Returning to your question about filters - ND if you'll have water which you want to blur and get a 3 stop. For grads, if you only get 1 then get a 2 stop, if you can afford it then a 3 stop as well. I bought the 3 grad set from lee but rarely use the .3 (1 stop). Also they've just released a thinner circ pola, their previous 105mm vignettes on wide angle lenses...

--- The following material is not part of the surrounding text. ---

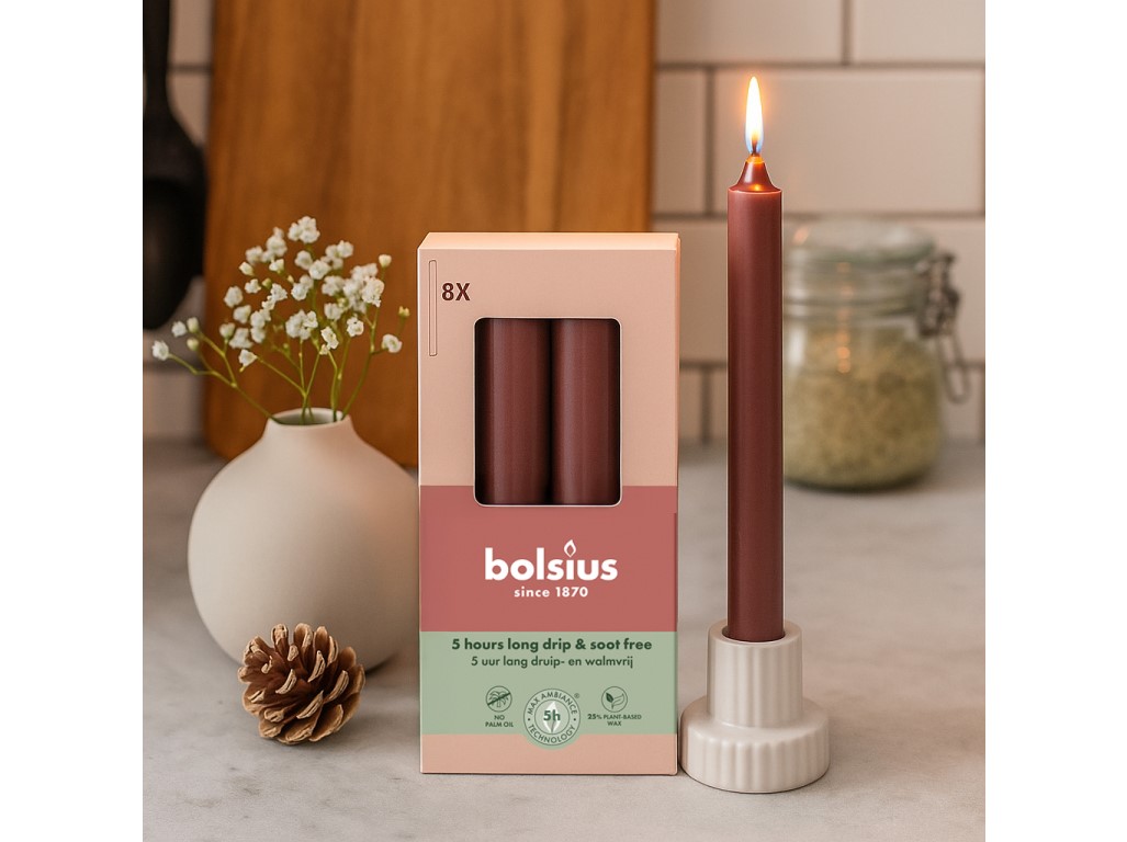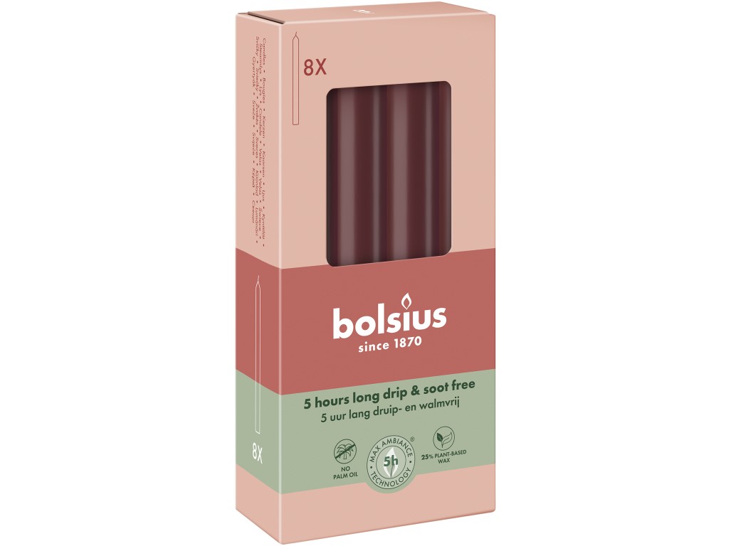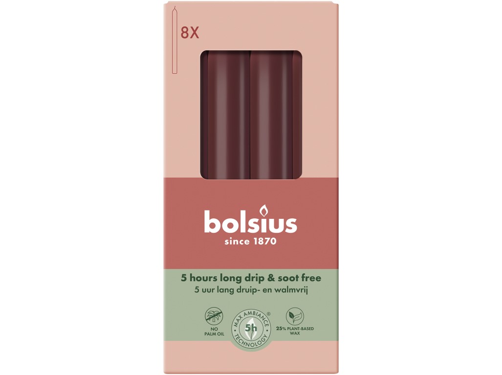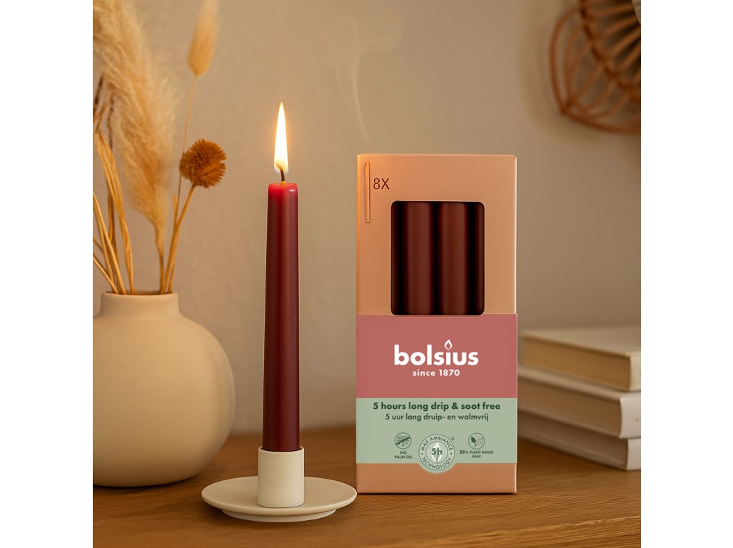 Bolsius Domácí 8ks 20x170 Velvet Red svíčky, bordó

Finally, if you've not got them, get hold of Laurent Martres' books on photographing the southwest. I take them every time, and use them to plan out locations (and then maybe use the internet to supplement). Have a great trip.


----------



## sunnyVan (Feb 11, 2015)

I was in the Lower Antelope Canyon last year. Half way through the trip came a sand storm. The wind was blowing so hard that my face hurt. I was glad that I listened to some advice and bought a rain cover, which kept out the sand quite completely. Even if you don't run into a sand storm I'd still recommend using rain cover or at least a plastic bag. Better be safe than sorry.


----------



## ray5 (Feb 11, 2015)

Stu_bert said:


> ray5 said:
> 
> 
> > HI,
> ...



Hi,
Thanks for your help. I have been reading Martres' books for a few months already and kind of drawing up an itinerary. I saw the new Lee CPL, it costs an arm!! I have drawn up a list of Lee stuff to start with but already at $900 
I'll be going to the slot canyons as well.
Thanks, again.


----------



## ray5 (Feb 11, 2015)

sunnyVan said:


> I was in the Lower Antelope Canyon last year. Half way through the trip came a sand storm. The wind was blowing so hard that my face hurt. I was glad that I listened to some advice and bought a rain cover, which kept out the sand quite completely. Even if you don't run into a sand storm I'd still recommend using rain cover or at least a plastic bag. Better be safe than sorry.



Can't decide storms are good or not, as if I have a choice!! Ha Ha. Seens some awesome images of monument valley during a strom, wow!!
But won't be pretty in the slot canyons. Am planning on bringing rain covers. Thanks for your note.


----------